More consolidation among funds managers is predicted, as this year’s rebound is still likely to leave them with fewer assets to manage than in 2007, according to a report published yesterday by Watson Wyatt.

The annual Watson Wyatt/Pensions & Investments survey of the world’s largest 500 managers shows total funds under management fell 23 per cent to US$53.4 trillion at the end of last year.

Hugh Dougherty, Watson Wyatt Australia’s head of manager research, said that even after the strong market recovery since March, the firm expected asset values would remain below 2007 levels, meaning the outlook for this year’s revenues and earnings in the sector remained poor.

Australian managers tended to fare worse than their international counterparts, probably due to the higher average exposure to equities and property and the weakening A$ during the second half of 2008.

The 15 Australian managers in the list suffered a 31 per cent decline in total funds under management to US$474.8 billion or 0.9 per cent of the universe.
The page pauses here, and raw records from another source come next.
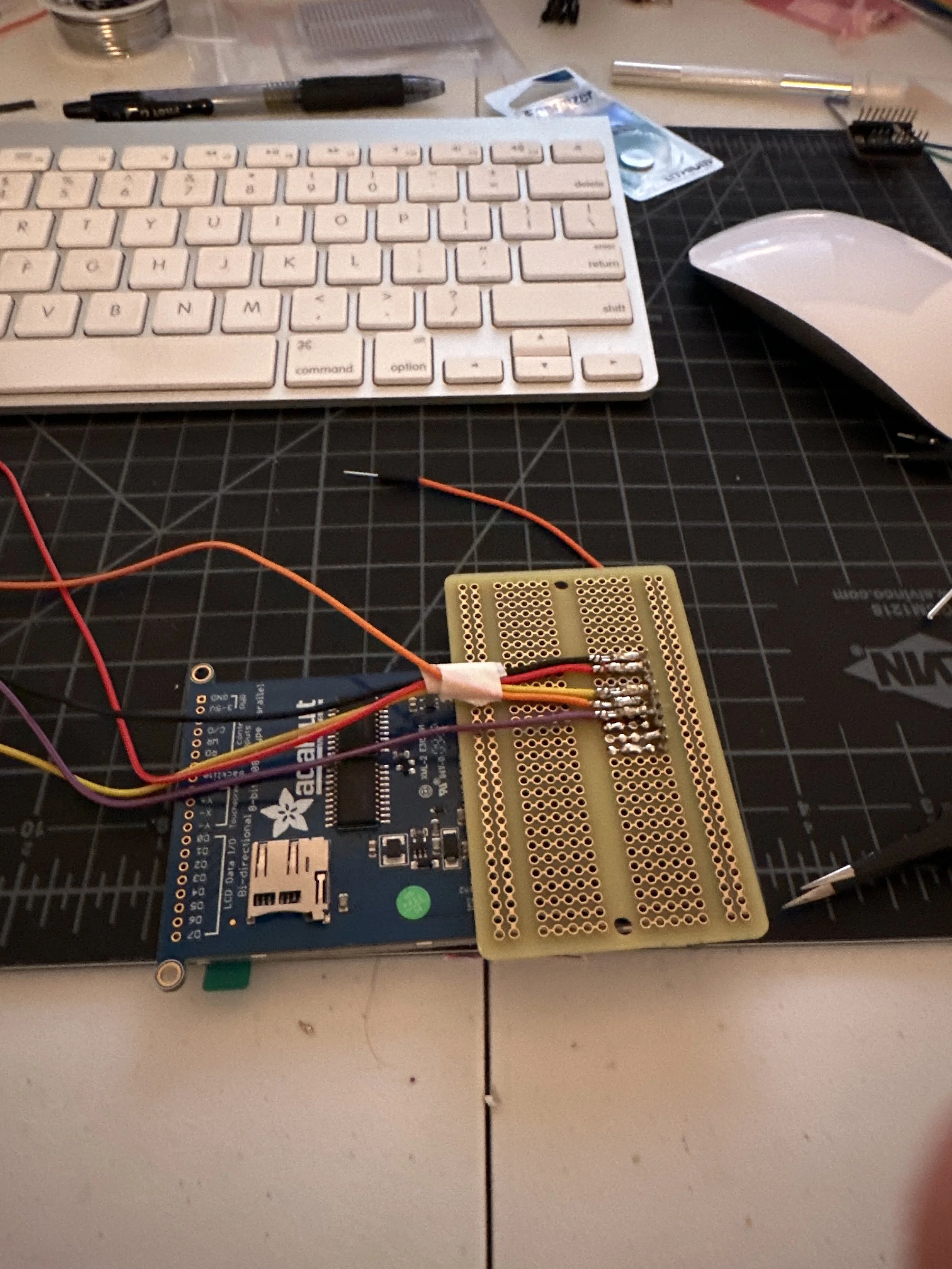 The SPI interface in this case requires 8 connections: 5V, GND, MISO, MOSI, CLK, C/S, DC, Backlight. The screen was connected to a PCB Proto board with headers, and wires were soldered on from there. This image is the completed screen sub-assembly.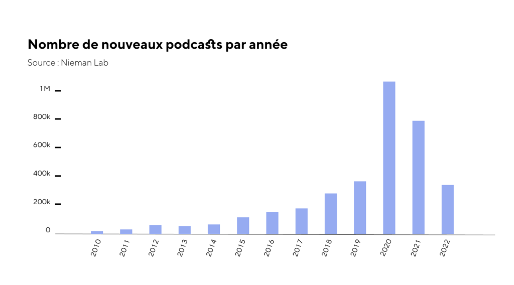 C’était l’info du début d’année. Entre 2020 et 2022, le nombre de nouveaux podcasts s’est effondré de 80%.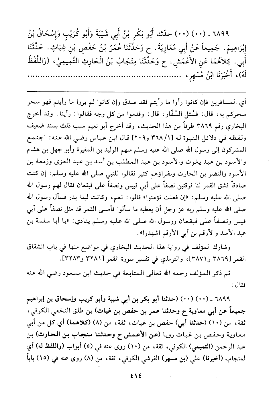 وشارك المؤلف في رواية هذا الحديث البخاري في مواضع منها في باب انشقاق القمر [٣٨٦٩١ و ٣٨٧١]، والترمذي في تفسير سورة القمر [٣٢٨١ و ٣٢٨٣].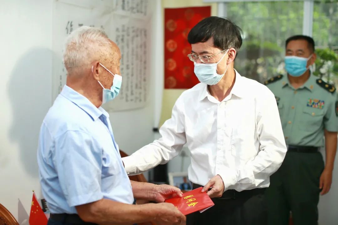 在中国人民解放军建军95周年即将到来之际,7月14日至15日,退役军人事务部党组书记、部长裴金佳带队到厦门调研。在看望老复员军人龚泰章时,裴金佳详细询问其家庭生活和身体健康情况,十分肯定龚老到社区、学校和其他单位宣讲的做法,希望他在身体许可的情况下,通过参加宣传宣讲等方式,教育引导下一代继续传承和弘扬红色基因。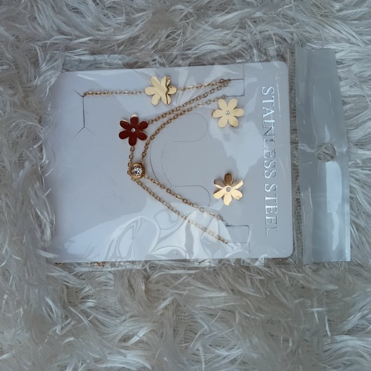 Élégant collier en acier inoxydable orné de fleurs en différentes couleurs. Conçu pour les femmes qui apprécient les bijoux raffinés et modernes. Parfait pour une utilisation quotidienne ou comme accessoire spécial.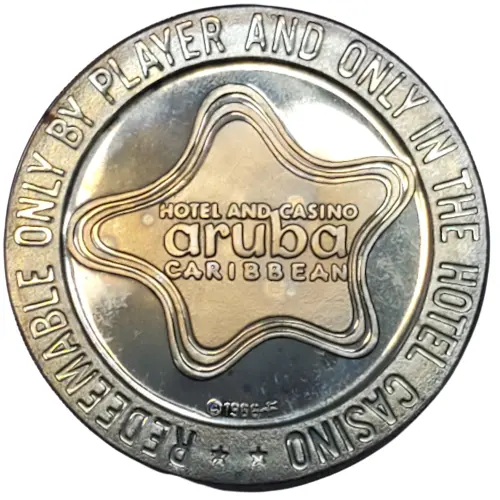 | Obverse lettering | REDEEMABLE ONLY BY PLAYER AND ONLY IN THE HOTEL CASINO HOTEL AND CASINO aruba CARIBBEAN ©1966FM |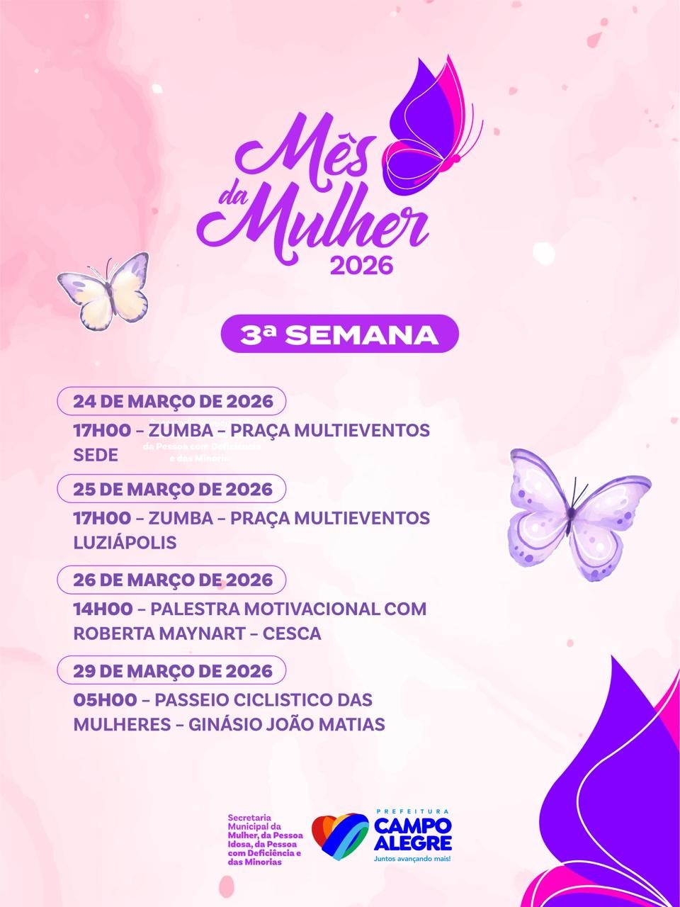 Durante o período de 09 a 29 de Março a Prefeitura de Campo Alegre estará promovendo vários eventos, atividades e oficinas para as mulheres campo-alegrenses em homenagem ao mês da Mulher 2026.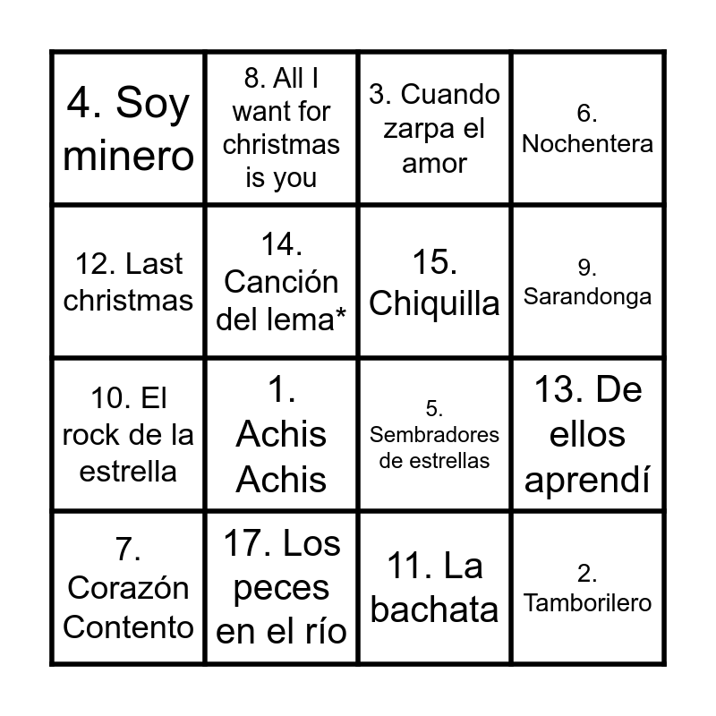 This bingo card has 18 words: 1. Achis Achis, 2. Tamborilero, 3. Cuando zarpa el amor, 4. Soy minero, 5. Sembradores de estrellas, 6. Nochentera, 7. Corazón Contento, 8. All I want for christmas is you, 9. Sarandonga, 10. El rock de la estrella, 11. La bachata, 12. Last christmas, 13. De ellos aprendí, 14. Canción del lema*, 15. Chiquilla, 16. Mi gran noche, 17. Los peces en el río and 18. Despechá.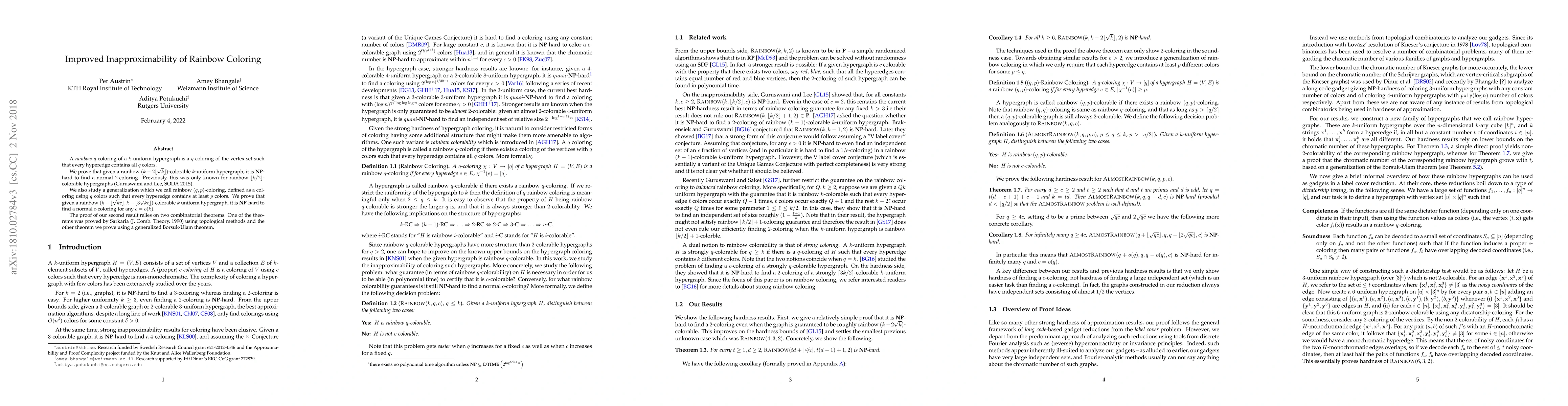 A rainbow $q$-coloring of a $k$-uniform hypergraph is a $q$-coloring of the vertex set such that every hyperedge contains all $q$ colors. We prove that given a rainbow $(k - 2\lfloor \sqrt{k}\rfloor)$-colorable $k$-uniform hypergraph, it is NP-hard to find a normal $2$-coloring. Previously, this was only known for rainbow $\lfloor k/2 \rfloor$-colorable hypergraphs (Guruswami and Lee, SODA 2015). We also study a generalization which we call rainbow $(q, p)$-coloring, defined as a coloring using $q$ colors such that every hyperedge contains at least $p$ colors. We prove that given a rainbow $(k - \lfloor \sqrt{kc} \rfloor, k- \lfloor3\sqrt{kc} \rfloor)$-colorable $k$ uniform hypergraph, it is NP-hard to find a normal $c$-coloring for any $c = o(k)$. The proof of our second result relies on two combinatorial theorems. One of the theorems was proved by Sarkaria (J. Comb. Theory. 1990) using topological methods and the other theorem we prove using a generalized Borsuk-Ulam theorem.
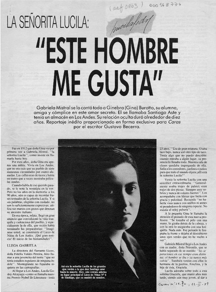 "Lavín perdió su virginidad" [artículo] Claudia Alamo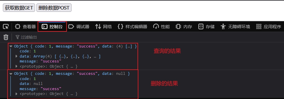 //通过axios发送异步请求-post axios({ method: "post", url: "http://yapi.smart-xwork.cn/mock/169327/emp/deleteById", data: "id=1" }).then(result => { console.log(result.data); })浏览器打开,f12抓包,然后分别点击2个按钮,查看控制台效果如下: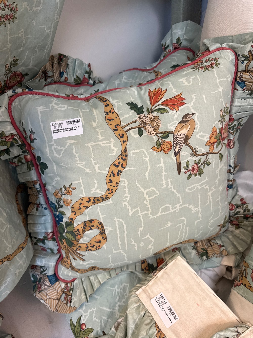 Queen bed skirt and 3 coordinating pillows VGUC
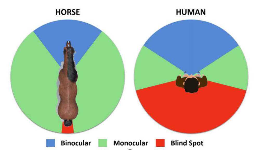Човешките зеници са кръгли, което ни дава зрително поле, което е толкова високо, колкото и широко. Конете обаче, с хоризонтално разположените си зеници, имат ограничено вертикално зрение и не могат да виждат добре над главите си, така че зрителното им поле е още по-ограничено, когато главите им са наведени.Единствените слепи петна, от които конете не получават зрителен образ са под носовете им и зад задните им крайници. Предното сляпо петно е точно под главата, непосредствено пред челото и под тялото на коня. Той не може да види какво яде – тревата, която пасе, или зърното в яслата, ръката, която гали кадифената му муцуна или му подава лакомство и се случва да има затруднения да хване парченцето морков или ябълка. В такива случаи той ги търси на сляпо с помощта на мустаците си. От естетическа гледна точка, ние често прибягваме до премахване на окосмяването по муцуната на конете, но така ги лишаваме от важни за тях сензори. Тези тактилни косми са много важни сензорни органи, които помагат на конете да се ориентират в слепите зони и да взаимодействат с околната среда. С премахването им, ние ги лишаваме от тази възможност и това води до повишена тревожност. По тази причина през 2021 г. Международната Федерация по Конен спорт (ФЕИ) забрани премахването им и много национални федерации, свързани с конните спортове, последваха този пример.Ако човек е застанал пред главата на коня и вдигне ръката си внезапно, на коня му се струва, че тя се появява от нищото. Ако сложите бариер или нещо друго на земята близо до предните му крака, докато конят стои неподвижно и не е проследил обекта чрез местене на главата си, той няма да е наясно, че там вече има препятствие на пътя му.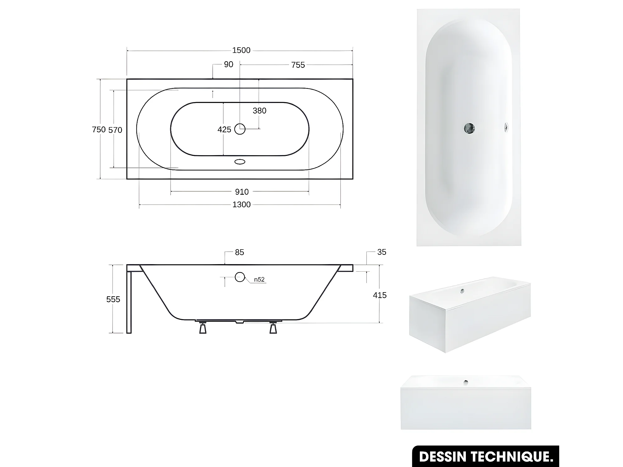 Baignoire rectangulaire - avec Tablier Noir Mat et Repose Tête OFFERT | VITAE | 150 x 75 cm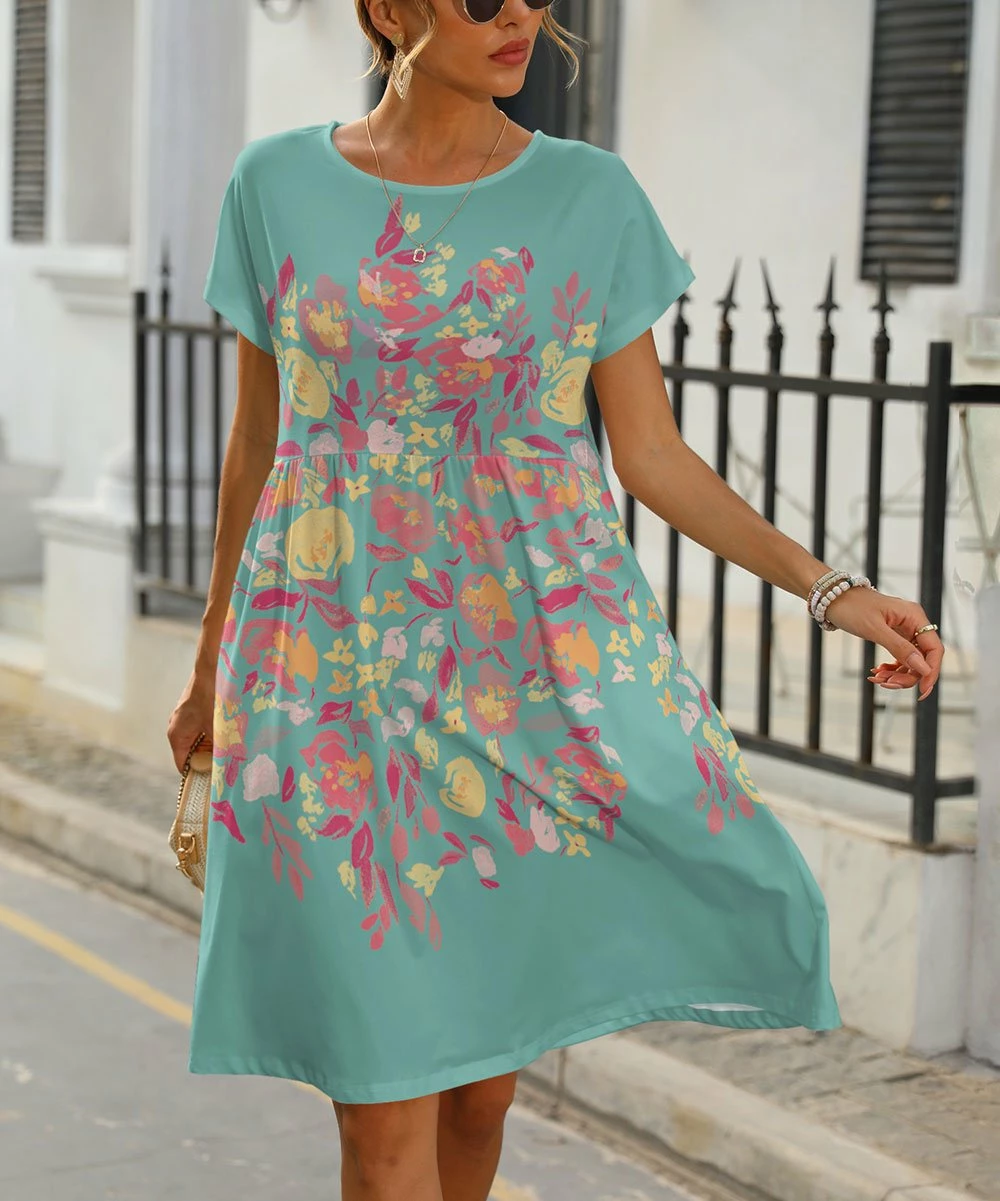 An A-line dress designed with a classic neckline and a vibrant floral print. Hidden side pockets.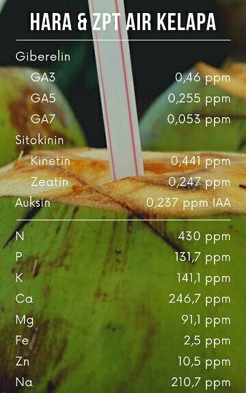 Hal ini karena ZPT dari air kelapa muda lumayan tinggi. Dari sumber ilmiah, berikut adalah data ZPT yang terkandung dalam air kelapa muda.
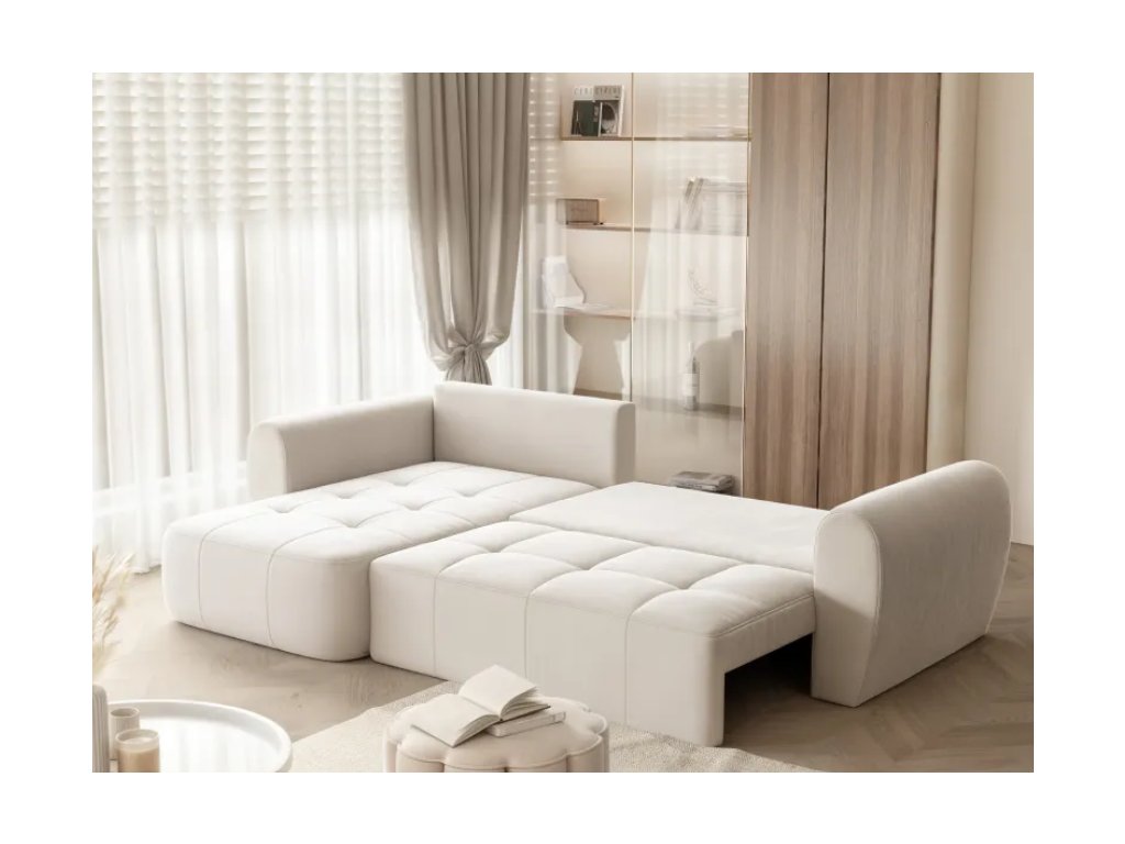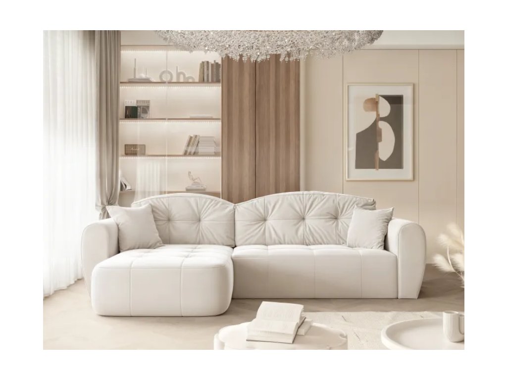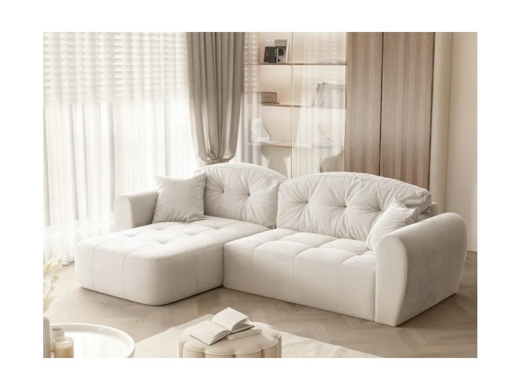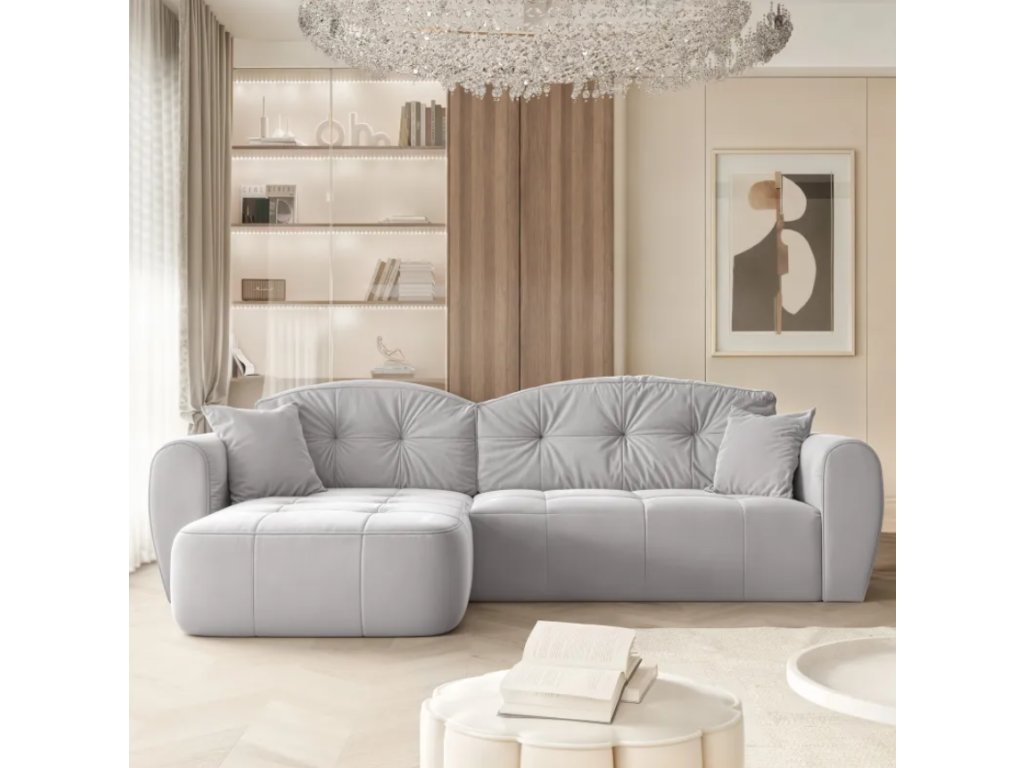 Rohová pohovka LUCAS je moderná čalúnená rohová pohovka, ktorá kombinuje každodenné pohodlie s praktickými prvkami vrátane funkcie na spanie a dostatočného úložného priestoru na posteľnú bielizeň.

The top five were: Colonial First State (down 39 per cent to US$89.0 billion), Macquarie (21 per cent to US$85.1 billion), AMP Capital (26 per cent to US$72.5 billion), NAB/MLC (27 per cent to US$57.8 billion) and QIC (37 per cent to US$46.7 billion.

The biggest declines among the Australian managers were by Balanced Equity Management (down 56 per cent to US$4.7 billion) and Perennial Investment Partners (50 per cent to US$9.98 billion).

Barclays Global Investors remains the largest asset manager in the world, with US$1.52 trillion, followed by Allianz (US$1.46 trillion), State Street Global Advisors (US$1.44 trillion), Fidelity Investments (US$1.39 trillion) and AXA (US$1.38 trillion).

However BGI’s lead is set to widen significantly when it completes its merger with sixth-placed BlackRock, which had US$1.31 trillion as at December.

Dougherty said: “The asset management industry is undergoing significant change as a result of the extreme market conditions we have witnessed in the past few years.  We expect this will drive increased consolidation as managers look to add assets to their existing cost base to relieve pressure on profits.  An additional challenge for managers is increased regulation, and the likelihood of higher compliance costs.  The fall in trust that managers have suffered from their clients is also a key feature of what is a tough battle-ground.”